Фрида. А в чем она должна проявляться еще?
Лоуренс. В каком-нибудь неистовом действии. Но я всегда ограничиваюсь женщинами и рукописями и дурным настроением. Я симулирую, будто веду войну с буржуазной моралью, лживой добродетелью, рассудочностью, с насилием, идущим якобы извне, а на самом деле изнутри человека. Но я сражаюсь с гнездящейся во мне глупой старой девой, с маленькой незамужней девицей, которая, запыхавшись, сбегает с холма прежде, чем Бог отворит ей дверь. Сейчас я хочу вернуться в пустыню и снова стать дикарем. Я хочу подняться на Лобос и наблюдать за грозой, надвигающейся за десять миль от меня подобно легиону марширующих великанов в серебряных шлемах.
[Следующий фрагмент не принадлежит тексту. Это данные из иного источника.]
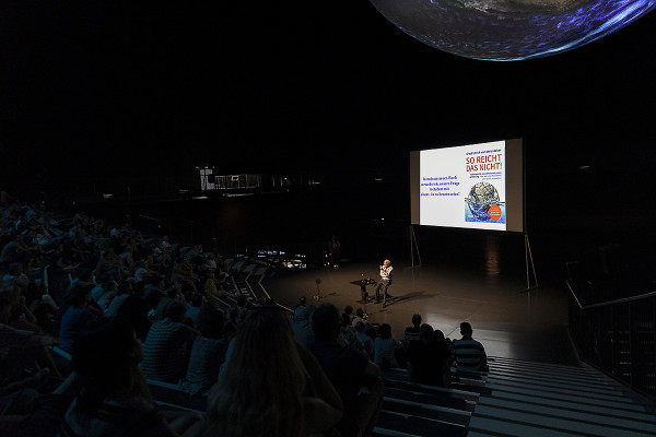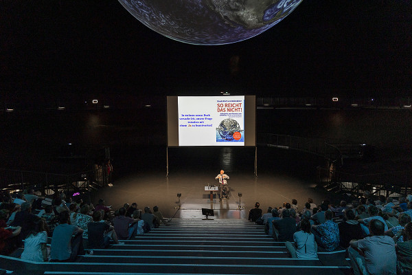 Kurzweilig und wissenschaftlich fundiert, ging der Journalist und Autor auf die zahlreichen Herausforderungen ein, die wir Emils Generation hinterlassen: Klimawandel, Artensterben und globale Instabilität. Oder wie Jeanette Schmitz, Geschäftsführerin der Gasometer Oberhausen GmbH, es am Ende des schönen Abends zusammenfasste: „Ein humorvoller und gleichzeitig sehr informativer Vortrag, der uns alle nachdenklich stimmt.“
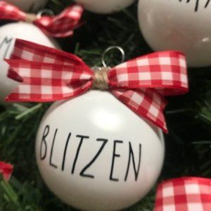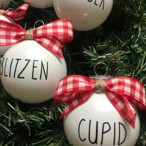 These Unique Fun Holiday Christmas Ornaments are made of White Plastic with each Reindeer name printed in Black Vinyl Lettering with Rudolph In a Red Vinyl Lettering. Fun Ribbon is attached to each ornament. Comes in a set of 9. (Greenery not Included!)
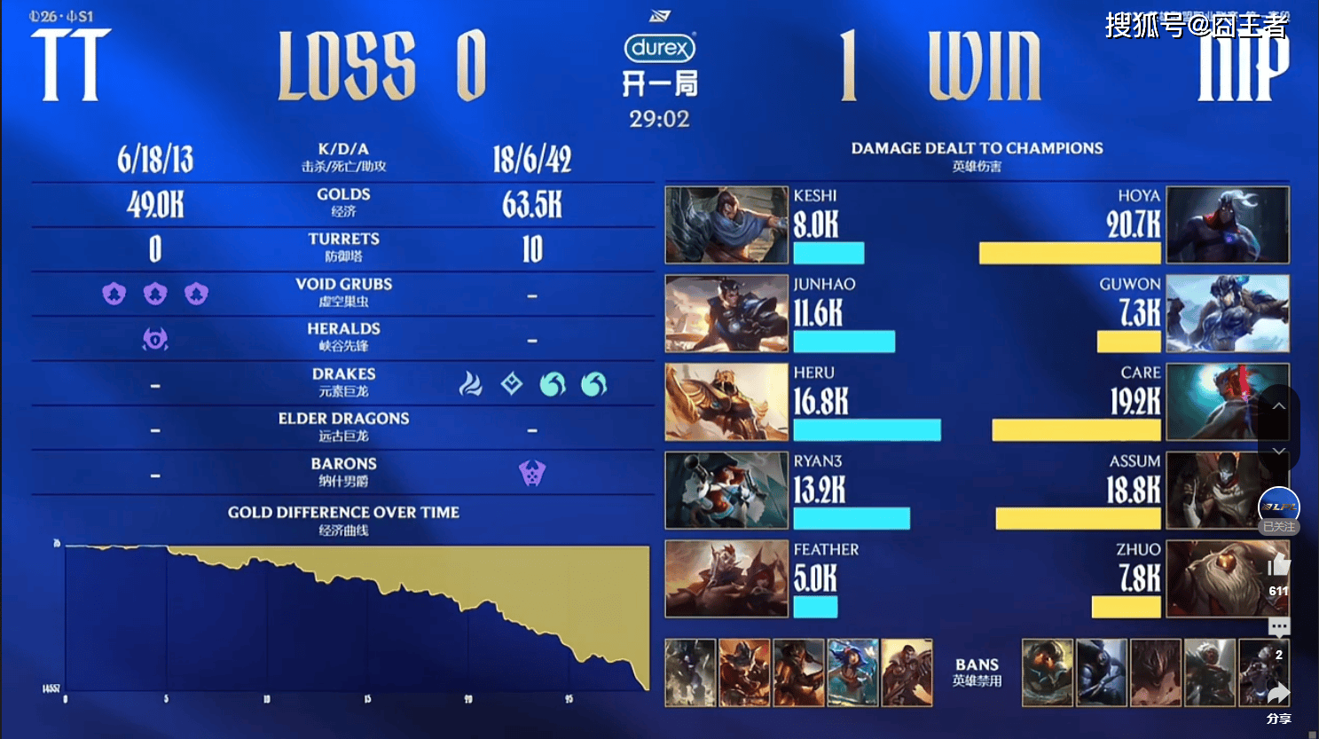 最终NIP疯狂碾压TT,赢下比赛。坦率地讲,这场比赛,也许不能称之为比赛,打主播队都不会有这样的比分差吧?26分钟2万经济差,线上被无限单杀。难怪大主播都去二路解说都看LCK去了,LPL这质量,连官方解说自己都不看。

Вот что я хочу, черт тебя побери!
Фрида. Кто мешает тебе?
Лоуренс. Ты! Ты знаешь, что у меня нет сил. Ты знаешь, что мое мужское естество дикаря умерло и все, что осталось во мне, — это старая трусливая индианка. Женщины наделены потрясающей интуицией чуять смерть. Они чуют ее задолго. Я думаю, что женщины, чувствующие ее приближение, нашептывают, приманивают ее и незаметно прячут ее в укромных местечках под своими передниками — не так ли?
Фрида. Нет — женщины платят дорогой ценой за каждую новую жизнь. И всю жизнь они собственными руками воздвигают преграды перед дверью, через которую стремится войти смерть. Мужчины любят смерть — женщины ее ненавидят. Мужчины наносят друг другу раны, женщины останавливают кровь.
Лоуренс. Да. Потому что они выпивают кровь. Не прикасайся ко мне. (Отводит от нее свои пальцы) Твои прикосновения ослабляют меня, они вытягивают из меня силу.
Фрида. О, нет, нет, нет, они ее тебе возвращают, mein Liebchen.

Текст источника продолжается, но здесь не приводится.